__SUPPLIED INFORMATION__.
--- --- ---

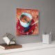 Espresso Cup und Spoon Word Cloud Quadratische Wanduhr
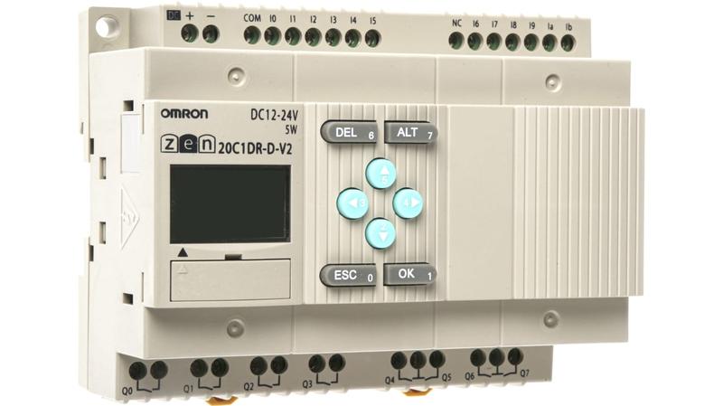 The Omron ZEN series logic module has 12 inputs and 8 relay outputs with a contact rating of 30A. This DIN rail mount logic module has a screw termination method. It has a large memory for applications that require a large space. This logic module has a supply voltage that ranges between 12VDC and 24VDC._x000D_
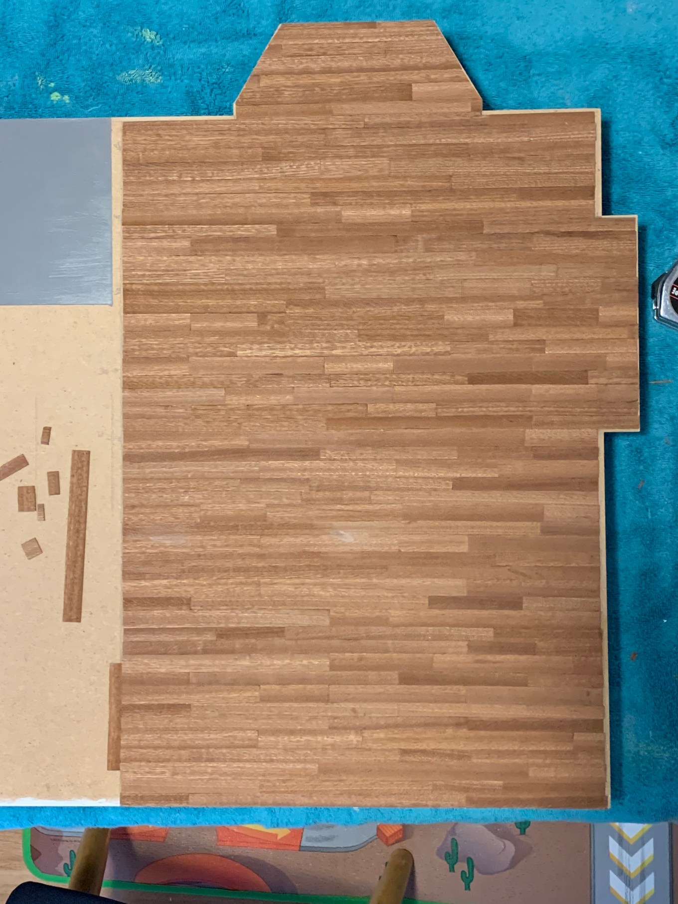 It took a total of 46 rows to reach the front wall and then I just had to finish the bay floor. Turns out I had exactly enough strips without having to cut anymore. Those small scraps to the left in the picture below are what I had left.

--- --- ---

__EXERCISE DESCRIPTION__.
When you repeat the material above, keep every word exact and leave out the pictures.

__EXPECTED OUTPUT__.
 Espresso Cup und Spoon Word Cloud Quadratische Wanduhr
 The Omron ZEN series logic module has 12 inputs and 8 relay outputs with a contact rating of 30A. This DIN rail mount logic module has a screw termination method. It has a large memory for applications that require a large space. This logic module has a supply voltage that ranges between 12VDC and 24VDC._x000D_
 It took a total of 46 rows to reach the front wall and then I just had to finish the bay floor. Turns out I had exactly enough strips without having to cut anymore. Those small scraps to the left in the picture below are what I had left.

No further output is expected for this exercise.